Hay varios cambios de geometría a fin de minimizar el efecto de la tracción en la dirección, y para reforzar la resistencia a la torsión, lleva una plancha de aluminio atornillada al subchasis de la suspensión delantera y fijada a la carrocería por dos brazos diagonales. La dirección es de desmultiplicación variable y asistencia eléctrica, y monta 4 discos de freno perforados y ranurados, de 350 mm de diámetro delante con pinzas fijas monobloc de 4 pistones, y de 330 mm detrás, con pinzas flotantes monopistón. Las pinzas delanteras van metalizadas, con el logo AMG en negro, y la dirección variable presenta dos curvas de reacción, según el programa de conducción seleccionado (más duro y deportivo o bien más confortable).

Por último el tubo final de escape lleva una válvula de mariposa cuya posición altera el sonido que emite, desde un tono discreto en los modos calzada deslizante, Confort y Sport a otro más sonoro y ronco en el Sport+ (y en el Individual se puede escoger el tono a voluntad).

Mercedes-AMG GLA 35 4Matic: electrónica al poder

Dado que este GLA AMG 35 es el más deportivo de los GLA, se le dota en opción con el mismo modelo de ensayo de conducción deportiva y de competición del Clase A equivalente, o sea el AMG Track Pace, que Mercedes llama “ingeniero de pista personal”, dentro del sistema multimedia MBUX y que analiza el estilo de conducción para proponer mejoras. Este equipo se sirve del sistema GPS del navegador, los datos de aceleración transversal y longitudinal, posición de los pedales de acelerador y freno, y del ángulo de giro del volante. Todos ellos se evalúan y muestran en el cuadro y la pantalla multimedia, y su memoria guarda datos de circuitos famosos, como Nürburgring o Spa Francorchamps (aparte de poder registrar perfiles de circuito propios). Auténtica telemetría, vamos…
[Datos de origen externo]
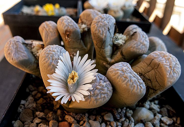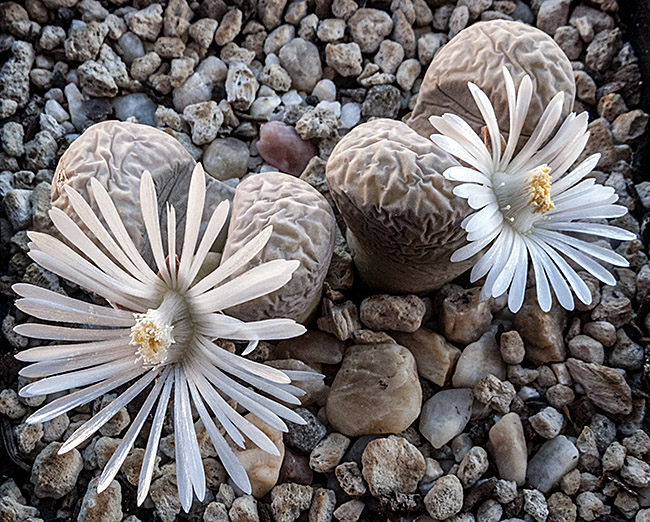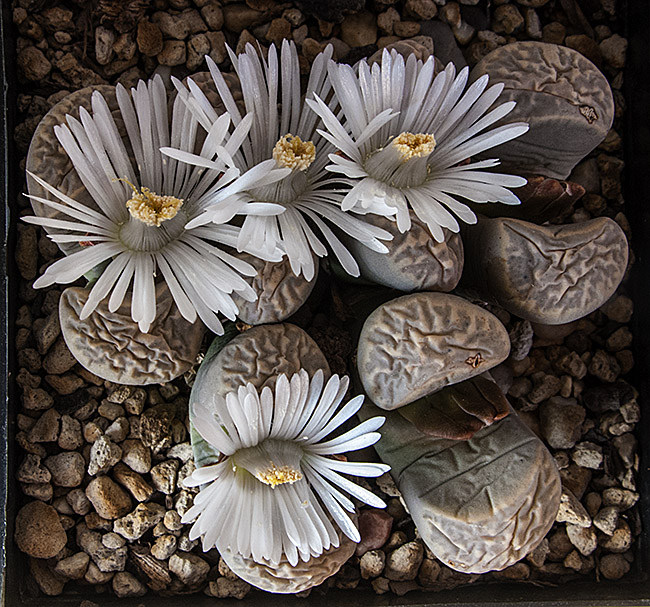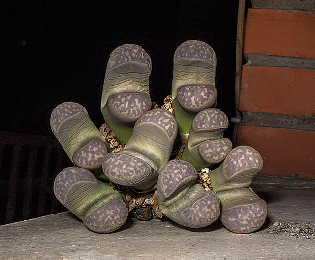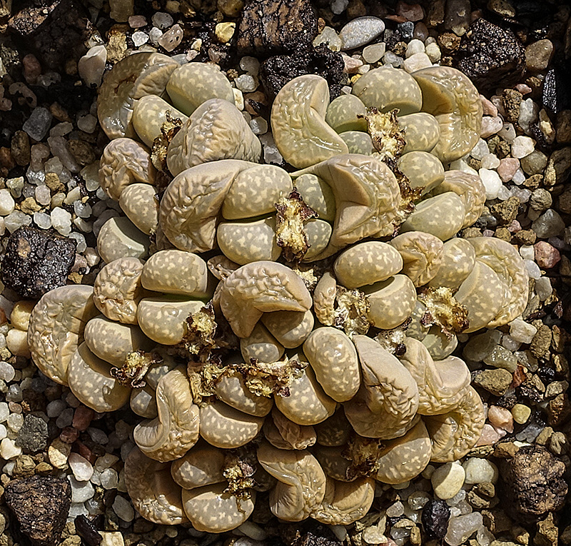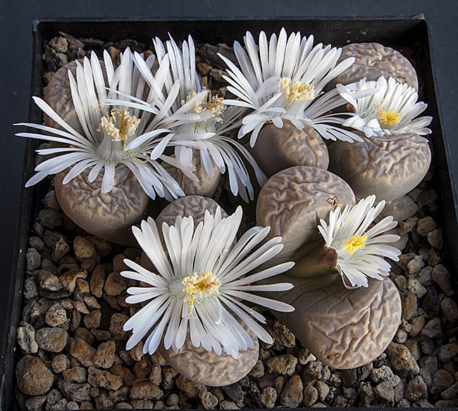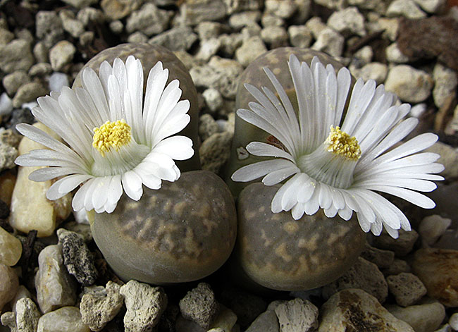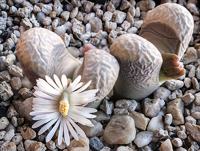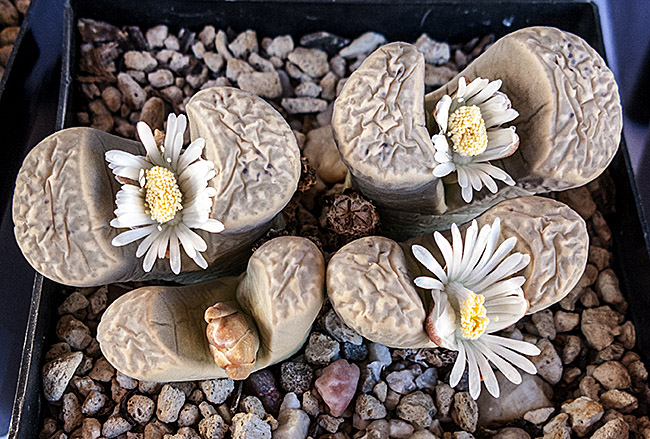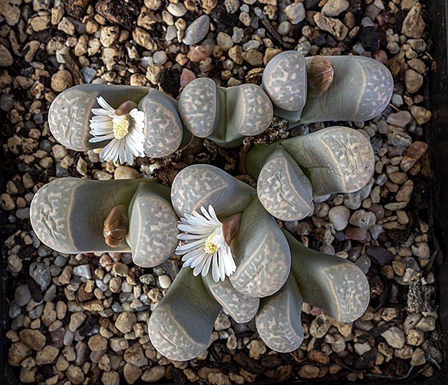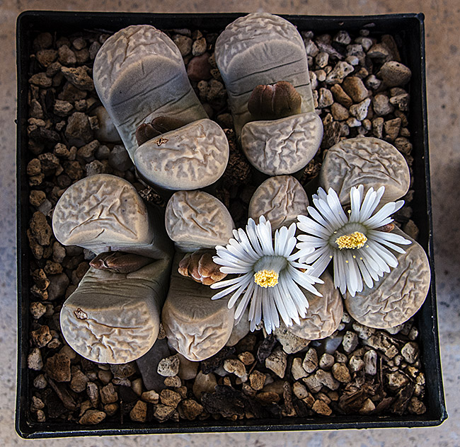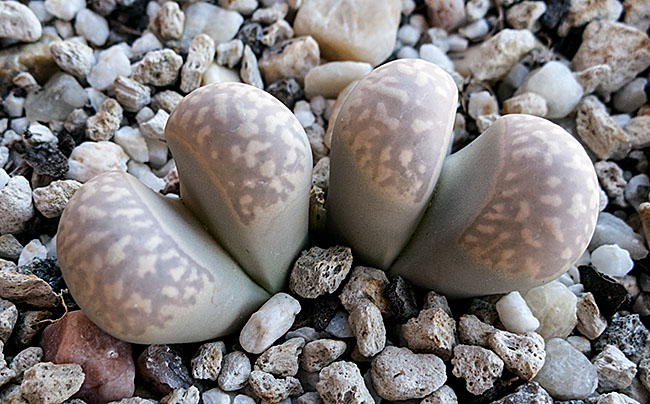 15 de abril de 2012 (Las hojas viejas continúan sin secarse lo suficiente como para empezar a regar. La falta de riego hace que las hojas nuevas no se desarrollen más vigorosamente. Parece un círculo vicioso, pero . . . ¡voy a seguir sin regar! Ya van cuatro meses en los que este lithops no ha recibido ni una sola gota de agua.)

Además, el AMG Dynamics Select cuenta también con un control de estabilidad que amplía las funciones del ESP con breves intervenciones en los frenos de cada rueda en curva para asegurar la trayectoria correcta dentro de la misma (por ejemplo, actuando sobre la rueda trasera interior para cortar el derrape del eje trasero). Igualmente dispone de dos niveles de actuación, el “Basic” y el “Advanced”. El nivel «Basic» va unido a los programas de conducción “Calzada deslizante” y “Confort”, procurando a este GLA AMG 35 un comportamiento muy estable con poco balanceo. El nivel “Advanced” se activa con los programas Sport y Sport+, manteniendo un comportamiento equilibrado y neutro pero con límites más altos (y si se el programa de conducción “Individual”, es el conductor quien elige libremente los niveles, pudiendo hacerlo también por separado con independencia del programa de conducción, mediante las teclas al volante).

En suma, un Mercedes GLA muy especial (como buen AMG) capaz de procurar las satisfacciones deportivas del Clase A más “racing” sin por ello dejar de permitir un discreto uso todo camino (eso sí, muy discreto) para aquellos que no quieren sólo un coche para rodar sobre asfalto. Lo veremos en los concesionarios de la marca a partir de marzo, a un precio todavía por fijar pero que seguro no bajará de los 60.000 euros.